##### SUPPLIED INFORMATION #####
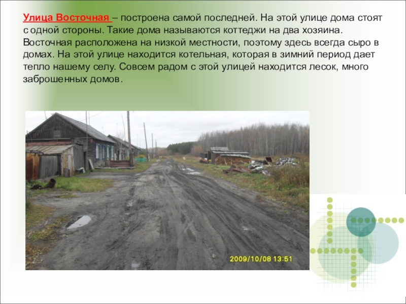 с одной стороны. Такие дома называются коттеджи на два хозяина. Восточная расположена на низкой местности, поэтому здесь всегда сыро в домах. На этой улице находится котельная, которая в зимний период дает тепло нашему селу. Совсем радом с этой улицей находится лесок, много заброшенных домов.
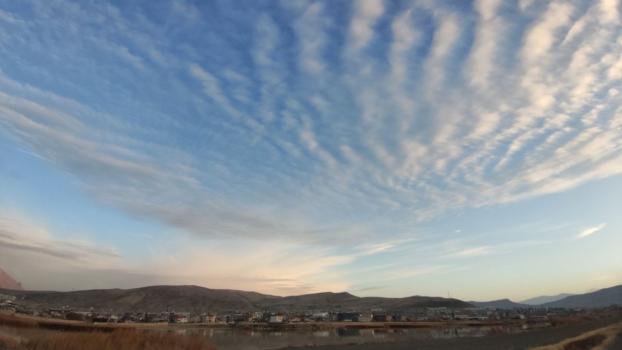 Gökyüzünün en nadir ve estetik oluşumları arasında yer alan ince, pamuksu görünümlü sirrokümülüs bulutları, gün batımının kızıllığıyla birleşerek etkileyici bir manzara oluşturdu.
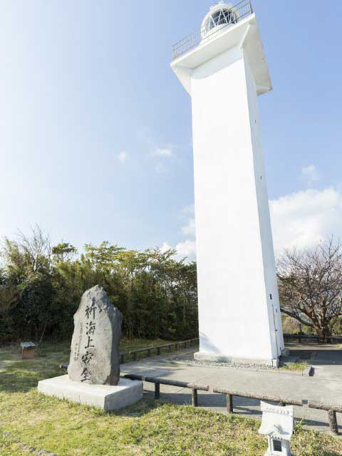 昭和47(1972)年に初点灯した灯台で、円筒形ではなく四角柱の造りが珍しい。眺望のいい高台にあり、一帯は稲取龍宮岬公園として整備されている。
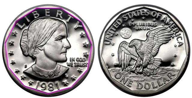 En la figura siguiente se muestra un endecágono regular en el contorno interno de un dólar estadounidense con la figura de Susan B. Anthony (1820-1906), una activista de los derechos de las mujeres nacida en Massachusetts, Estados Unidos. El endecágono también se ha usado como parte del diseño de otras monedas por todo el mundo.
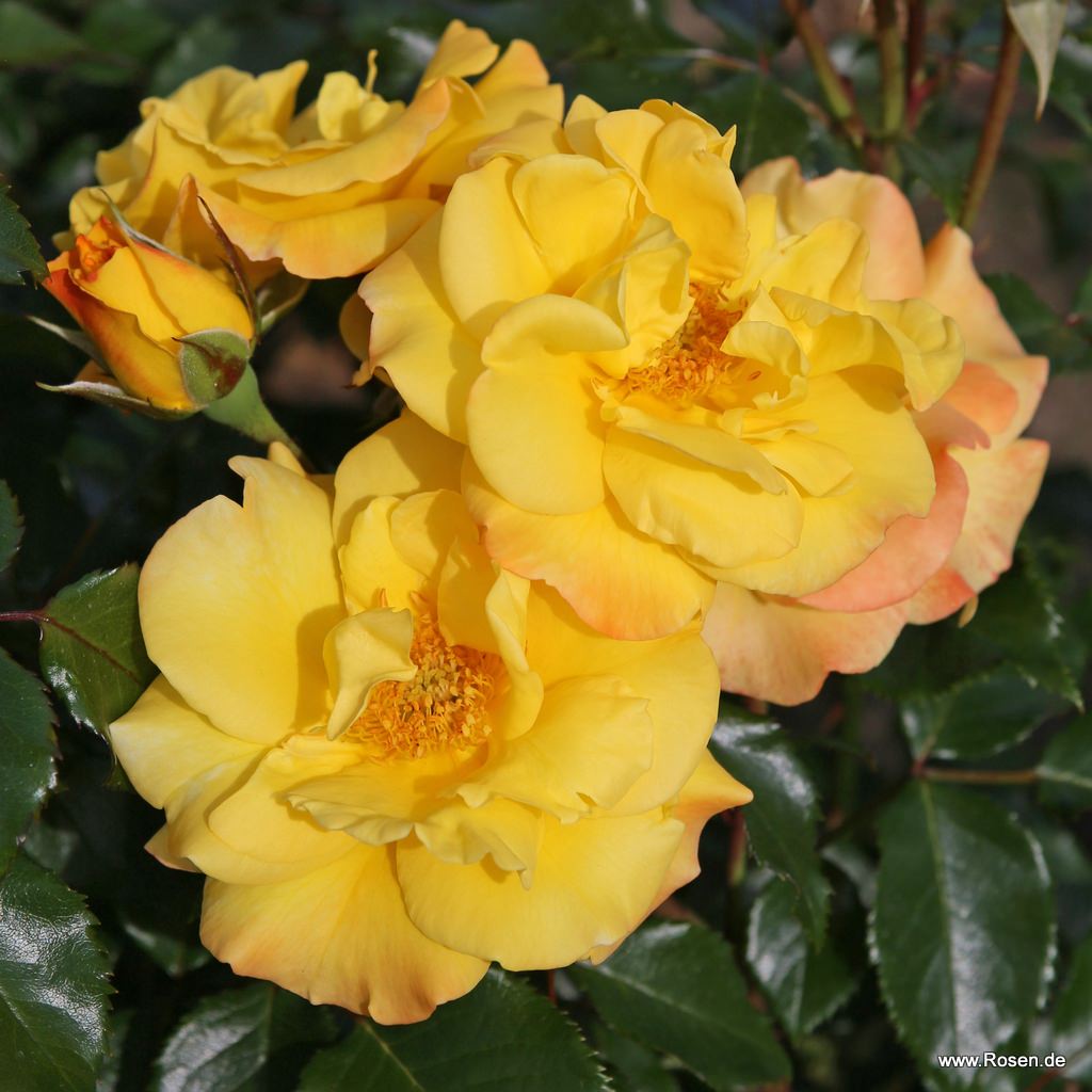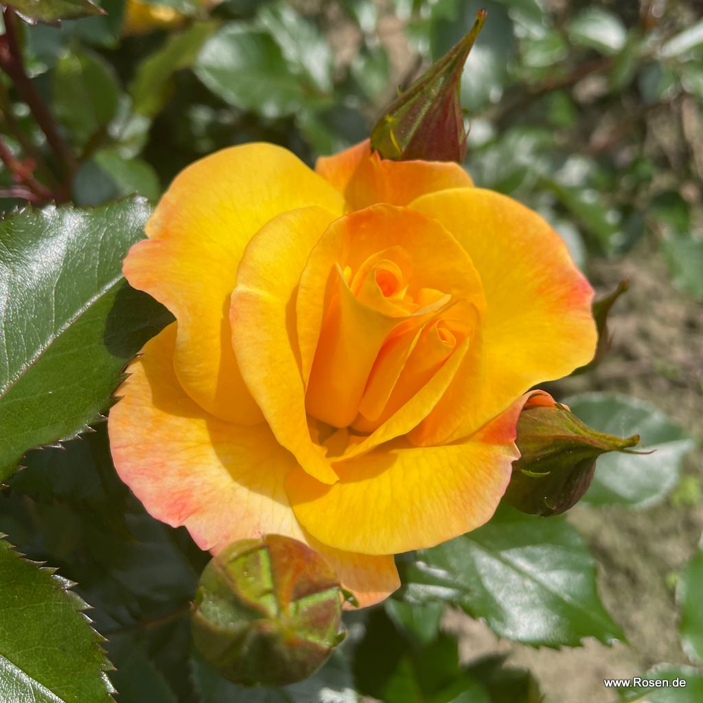 Der Hochstamm kam hier gut verpackt und in einer exzellenten Qualität an, das Blattwerk drunkelgrün-glänzend und einiges an Knospen waren schon vorhanden. Die Vorfreude dass diese sich bald öffnen würden, war wie das Warten auf ein besonderes Geschenk, sie taten es dann in einem leuchtenden Gelb mit einem Hauch Rot am Rande, später dann der Übergang in ein helleres Pastell, dieser Anblick der Farbübergänge der sich nach und nach öffnenden Blüten, ist einer auf dem man auch gerne länger verweilt. Es ist wirklich eine wunderschöne Rose und ich freue mich sie zu haben.
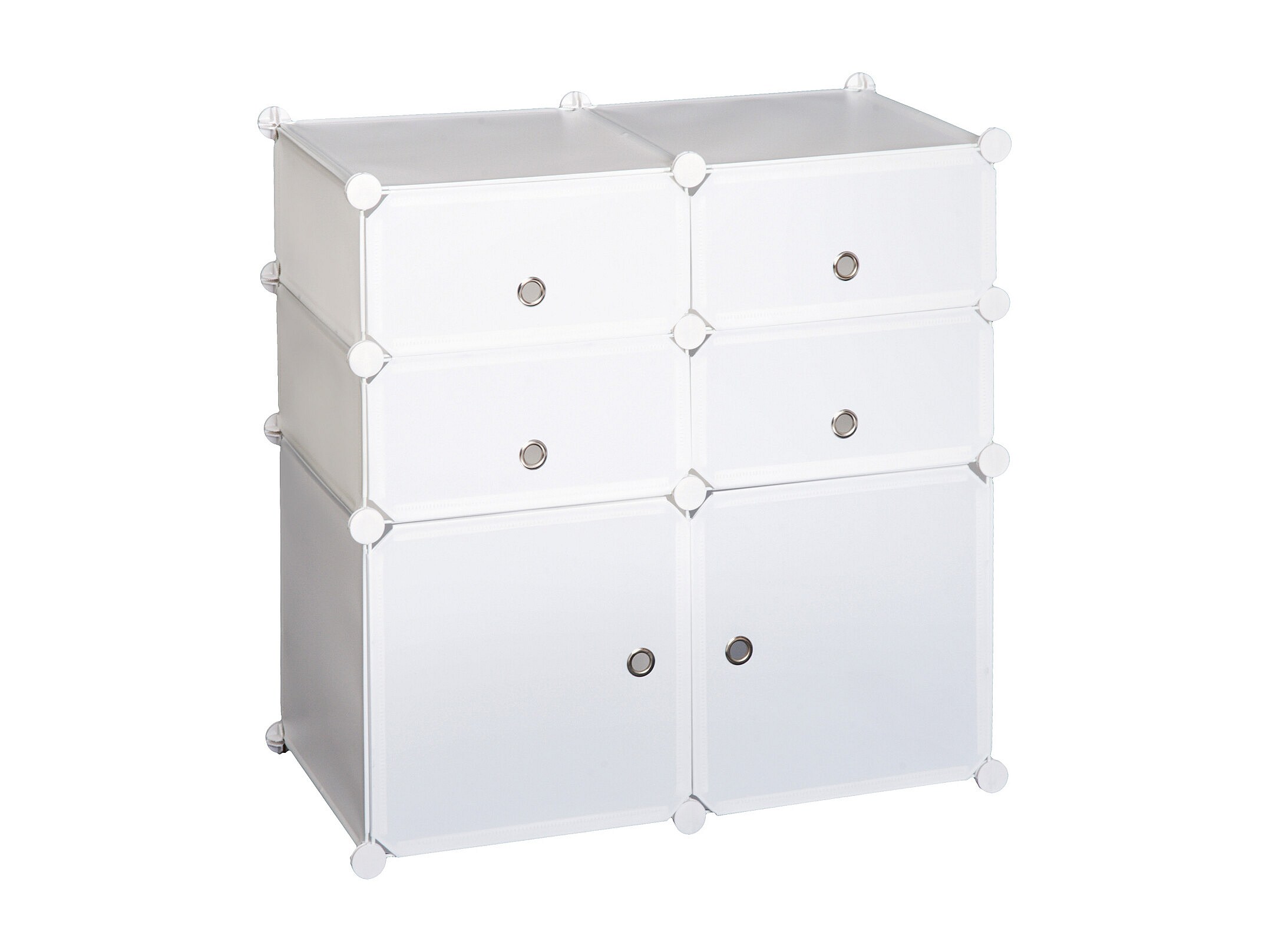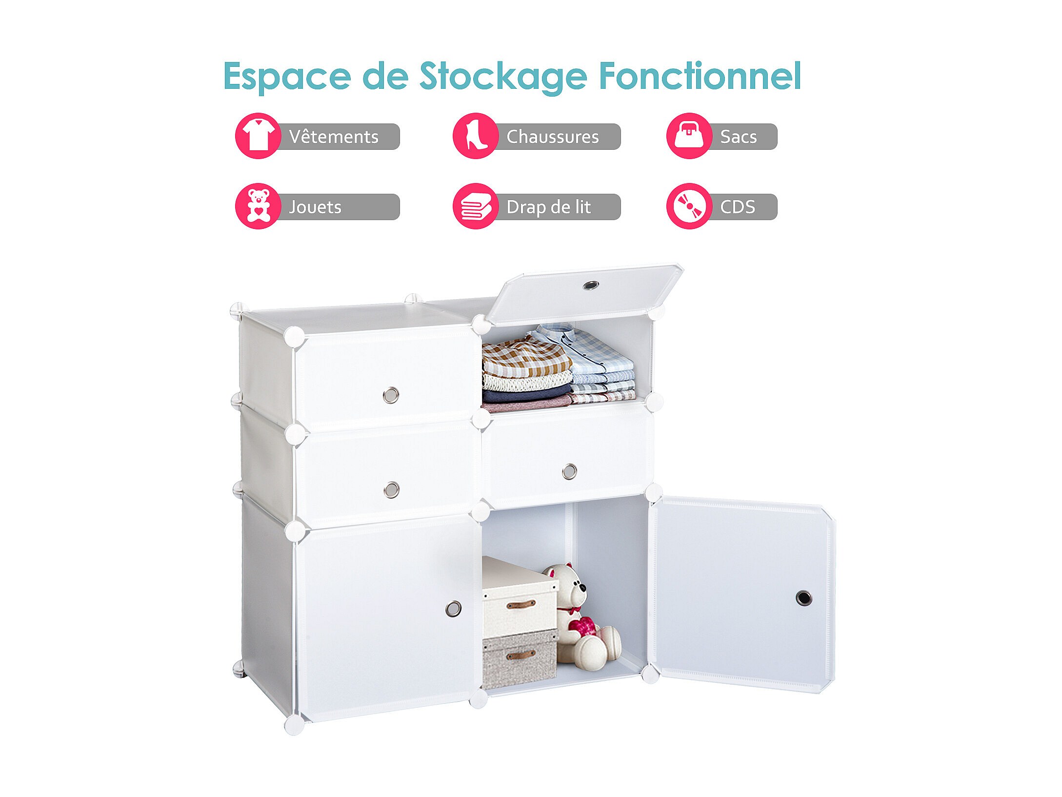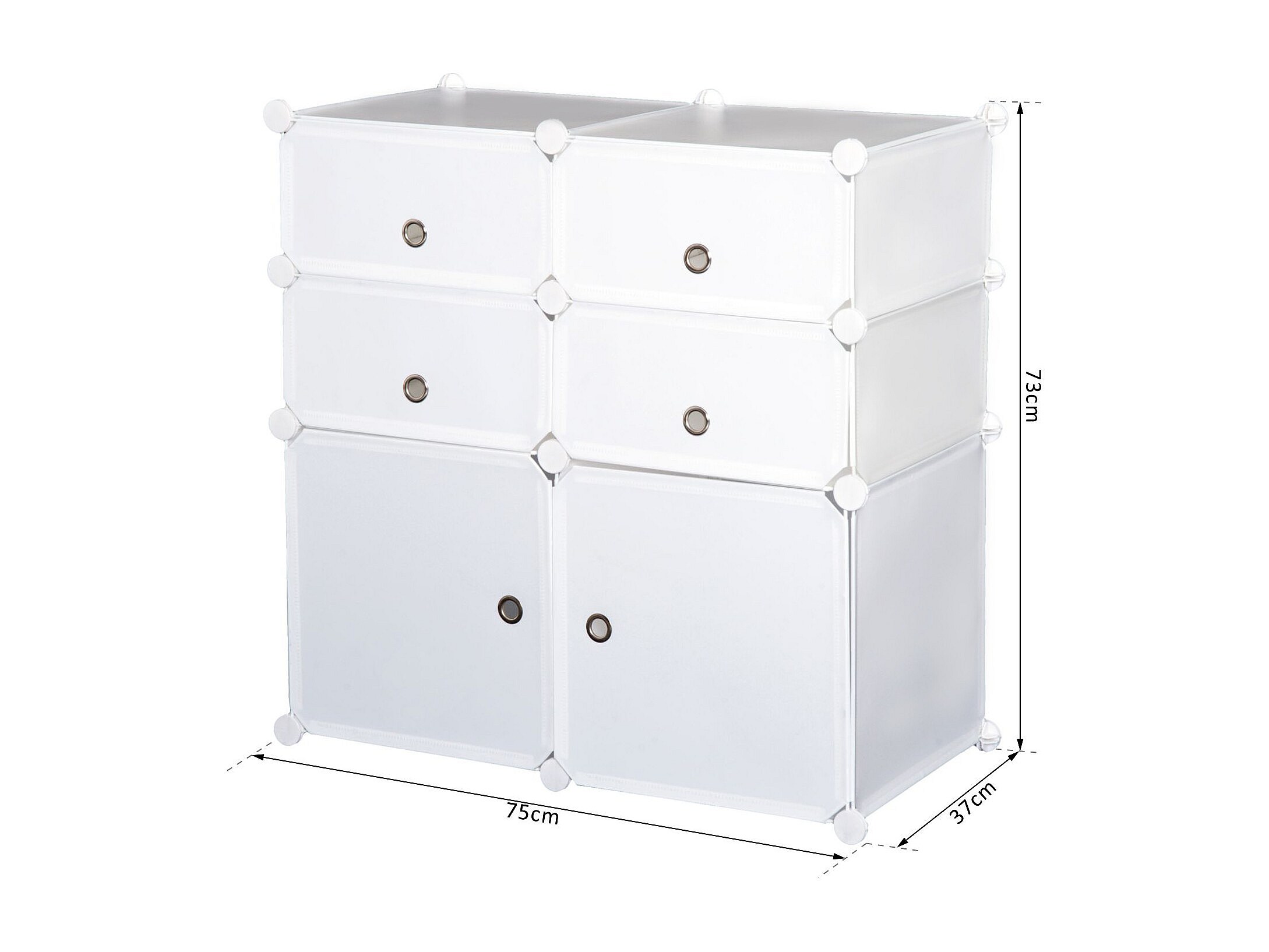 Armoire étagère à chaussures 3 niveaux 6 compartiments plastique + autocollants décoratifs 75L x 37l x 73H cm blanc
#####
ACTION ITEM
Drop the pictures; repeat the listing above exactly.

EXERCISE RESPONSE
 с одной стороны. Такие дома называются коттеджи на два хозяина. Восточная расположена на низкой местности, поэтому здесь всегда сыро в домах. На этой улице находится котельная, которая в зимний период дает тепло нашему селу. Совсем радом с этой улицей находится лесок, много заброшенных домов.
 Gökyüzünün en nadir ve estetik oluşumları arasında yer alan ince, pamuksu görünümlü sirrokümülüs bulutları, gün batımının kızıllığıyla birleşerek etkileyici bir manzara oluşturdu.
 昭和47(1972)年に初点灯した灯台で、円筒形ではなく四角柱の造りが珍しい。眺望のいい高台にあり、一帯は稲取龍宮岬公園として整備されている。
 En la figura siguiente se muestra un endecágono regular en el contorno interno de un dólar estadounidense con la figura de Susan B. Anthony (1820-1906), una activista de los derechos de las mujeres nacida en Massachusetts, Estados Unidos. El endecágono también se ha usado como parte del diseño de otras monedas por todo el mundo.
 Der Hochstamm kam hier gut verpackt und in einer exzellenten Qualität an, das Blattwerk drunkelgrün-glänzend und einiges an Knospen waren schon vorhanden. Die Vorfreude dass diese sich bald öffnen würden, war wie das Warten auf ein besonderes Geschenk, sie taten es dann in einem leuchtenden Gelb mit einem Hauch Rot am Rande, später dann der Übergang in ein helleres Pastell, dieser Anblick der Farbübergänge der sich nach und nach öffnenden Blüten, ist einer auf dem man auch gerne länger verweilt. Es ist wirklich eine wunderschöne Rose und ich freue mich sie zu haben.
 Armoire étagère à chaussures 3 niveaux 6 compartiments plastique + autocollants décoratifs 75L x 37l x 73H cm blanc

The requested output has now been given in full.